Unfortunately, it didn't work out as I had expected. They continued to struggle with Javascript, for reasons beyond my understanding. The intent to learn was there, but for some reason there was no way to explain the language in a commutable way to them. And here's where I noticed the problem of being an "expert" who's "surrounded by idiots": I couldn't get figure out why someone who had the same basic training/purported skills as me couldn't manage something as simple as learning a new programming language. At the end of the day, there was definitely a communication barrier, but the "unspoken assumptions" I spoke of before didn't even help alleviate that once they were revealed. I guess in this case, once I had set that barrier, it wasn't coming undone. The attitude that "this is too hard" or "I can't do this" had already set in, so there was little left I could do about it. Even attempting to help teach after the fact was only met with disdain and harsh attitudes.
If anyone else has some tips for dealing with this sort of behaviour / attitude / whatever in the workplace, I'd love to hear them. Too often am I approached by a colleague who tries to convince me of the impossibility (or possibility, in the case of the video) of some task that is not such. What do you do when you're the expert and you can't get people to work up to the level you're on, and what do you do when you're the non-expert and feel like the level you need to work up to is impossible?
I was thinking god this video is boring, talking about colors and lines, how is relevant to tech, then the monstrosity of it all hits me, this is what I've been doing many many times.
Then something changed. About the tens of sales books I read, a nugget from one of them struck me.
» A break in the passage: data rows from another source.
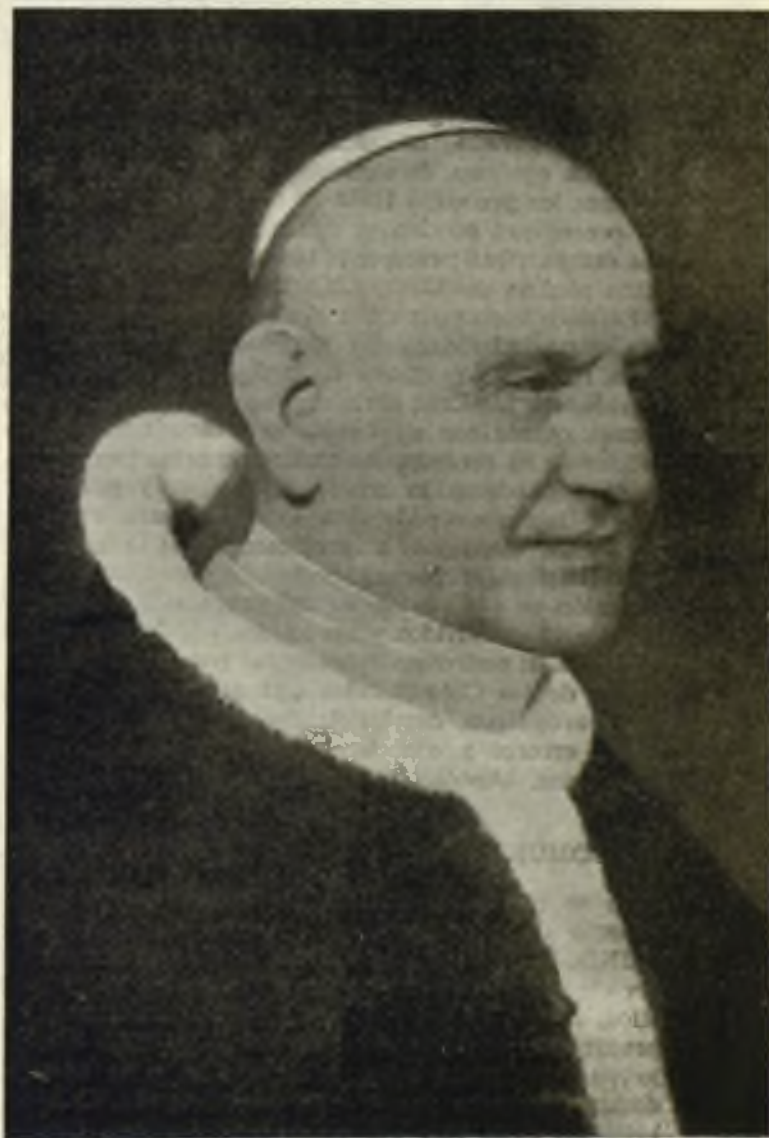
Su Santidad Juan XXIII.

El DOMUND 1959 hará todo lo posible para que los cristianos recuerden y consideren, procurando vivirlos, estos dogmas, estos pensamientos en su ser y en su vida, en el de la Unidad y para la Unidad. El ideal de este DOMUND sería que cada católico estudiando, considerando, haciendo de todo esto tema de sus meditaciones y de sus oraciones; destacara con letras muy visibles en la pantalla de su espíritu, estas palabras de San Pablo: «Descaba ser anatema de Jesucristo en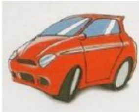
macchina / nuova

3 Osservate i disegni e con l'uso dei possessivi costruite delle frasi come: "La tua penna è blu"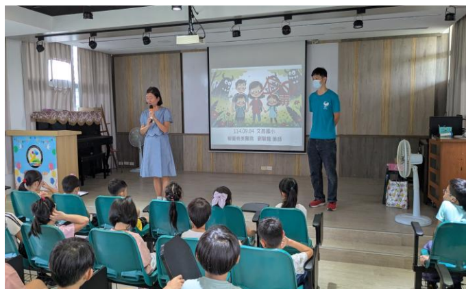
校長介紹柳營奇美醫院的講師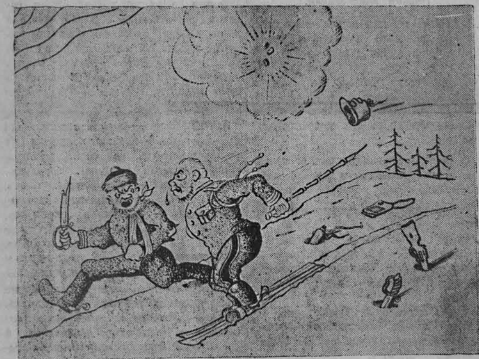
— Вы слышали новость? Французские газеты уверяют, что мой взвод и ваша рота захватили Амурскую железную дорогу... Рис. М. Отарова. (Фото-клише ТАСС).

НЬЮ-ЙОРК, 6 февраля. (ТАСС). Выходящая в Гаване (Куба) газета «Нотисас де Ой» сообщает об окончании забастовки рабочих 20 сахарных заводов, расположенных в различных частях Кубы. Рабочие добились увеличения заработной платы и удовлетворения ряда других своих требований.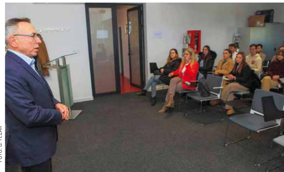
„Troškovi života su veliki, razmišljamo o povećanju broja i iznosa stipendija“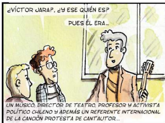
LA POBLACION - 5º EPISODIO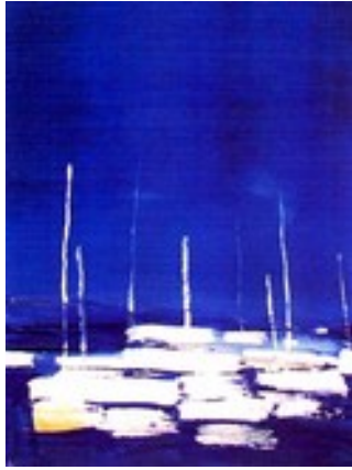
Nicolas de STAËL (1914-1955) Voiliers à Antibes , huile sur toile.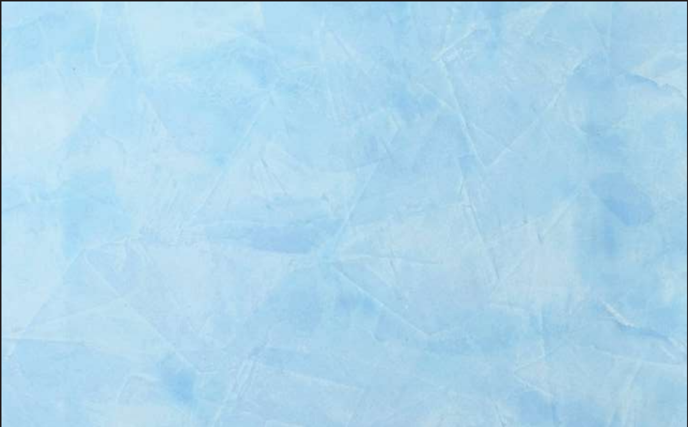
Borrowed Light Color 008

The idea was to re-focus / re-frame any conversation to "what are the business objectives we are trying to achieve here?". Instead of having them propose solutions, have them dig deep into the problem and where they are trying to get as a final destination. An easy way to do this is look them in the eye, smile like John Wayne and say "I have seen this many times, it's not a problem, in fact, there are hundreds of ways we can slice this, let me ask you, what are the key business objectives here? How will we be measuring the success and failure of the project from a business point of view?" Then they really go into what their problem is, and where they are trying to go. The idea is to not propose any solutions on the spot (guess what, they don't like to hear your smarty-pants / clever solutions anyway), they would like 1) for you to play therapist in the meeting and hear every last problem, 2) come back to them at a later day and tell them that every one of their problems will be solved and the cost will be low, 3) be prepared to explain how it would work (keep high level and leave the clever bits out, but don't forget to address the impact on other resources like marketing / legal / etc.) and 4) present to them a timeline of execution mixed with approvals needed at each stage.
I have fucked up 100 times, and gotten it right about 3, thats how I know. Hope it helps some wise guy (like I was) out there.